Sunday, May 1, 2016

How to Pickle Mushrooms

I was enjoying the book Dining with William Shakespeare by Madge Lorwin, which I wrote about in a previous post, "My Salmon is Soused..." when I came across (on page 18) a recipe called "How to Pickle Mushrooms."  

The original recipe was cited as from William Rabisha's The whole Body of Cookery Dissected.

Actually the full title of the book is The Whole Body of Cookery Dissected, Taught and Fully Manifested, Methodically, Artificially, and According to the Best Tradition of the English, French, Italian, Dutch, &c., Or, A Sympathy of All Varieties in Natural Compounds in that Mysterie, which amuses me to no end.  I think today we would use the word "artfully" instead of "artificially".  

You can download a PDF of this book consisting of scanned images at

Image taken from the Library of Congress Rare Books Collection
This is the 1673 edition.  The first edition arrived in 1661 and four more editions were published over the next 20 years.  You can purchase facsimile print copies, mostly of the 1682 edition.  Once I had downloaded the Library of Congress file of the 1673 version, I found the recipe on page 2 of Book I, right after "How to Pickle Cowcumbers."

Mr. Rabisha presents himself as a person who was raised right and was trained in the art of cooking. He was a master cook in England and in foreign places to ambassadors and nobles alike.  He wished to share his "small endeavors" with the public in hopes of assisting the young "Practitioners" of the art.

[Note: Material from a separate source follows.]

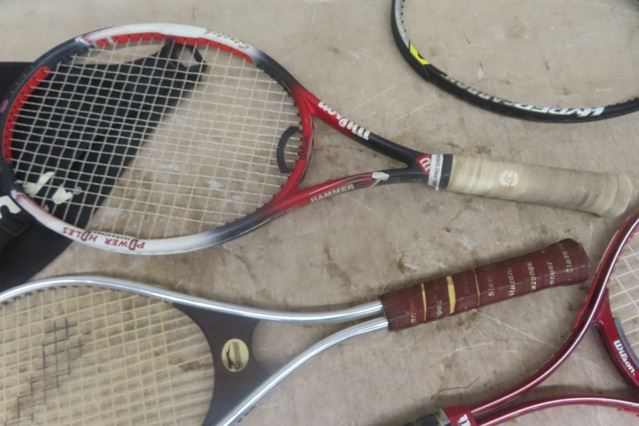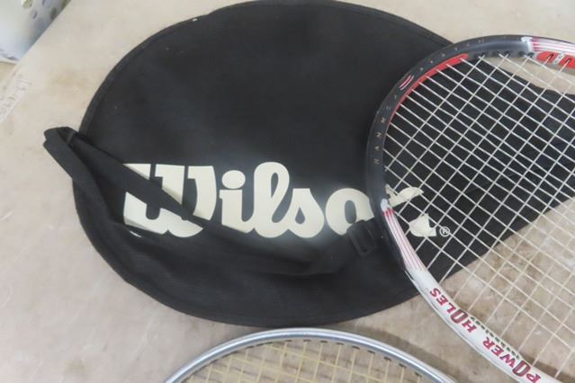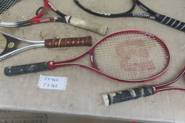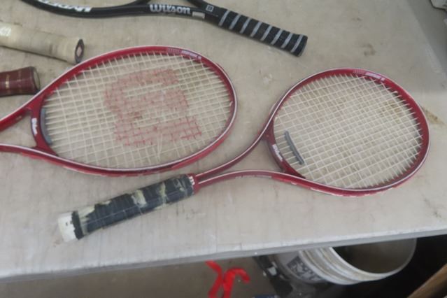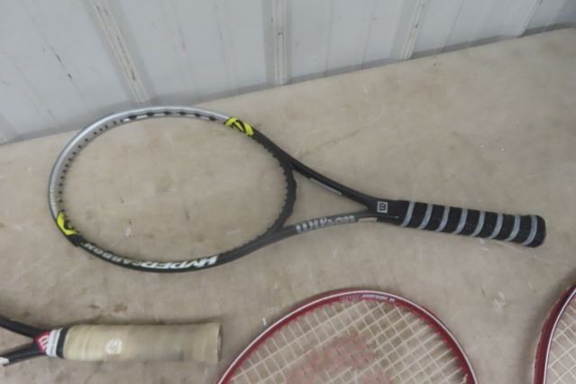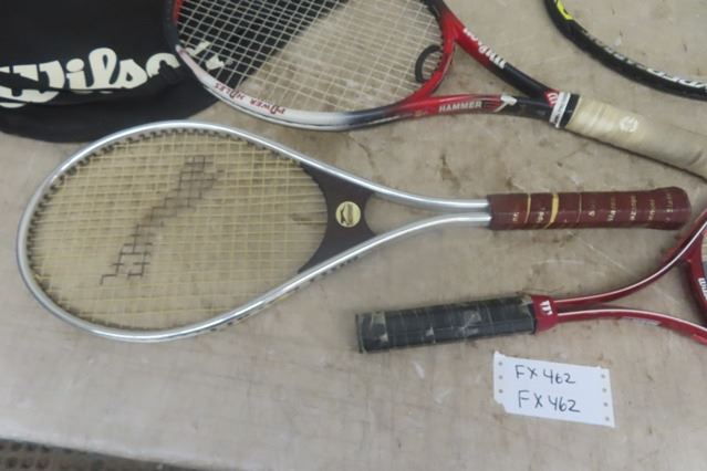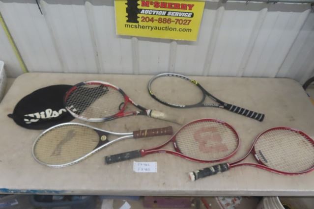 4 Wilson Tennis Raquets, 1 Slazenger, 1 Wilson is Stringless

What I really love is the poem "In Commendation of the Author" (first stanza):

Cooks burn your Books, and vail your empty brains; 
Put off your feigned Aprons, view the strains
Of this new piece, whose Author doth display
The bravest dish, and shew the nearest way
T' inform the lowest Cook how he may dress,
And make the meanest meat the highest mess;
To please the Fancy of the daintiest Dame,
And sute her palate that she may praise the same.
Give him return of worth, (besides due wages)
And recommend his book to future ages.
Let it be know Rabisha here hath hit,
The fairest passage that hath dared it.
     But read his Book, and judge his Pains,
     His is the labour, yours the gains.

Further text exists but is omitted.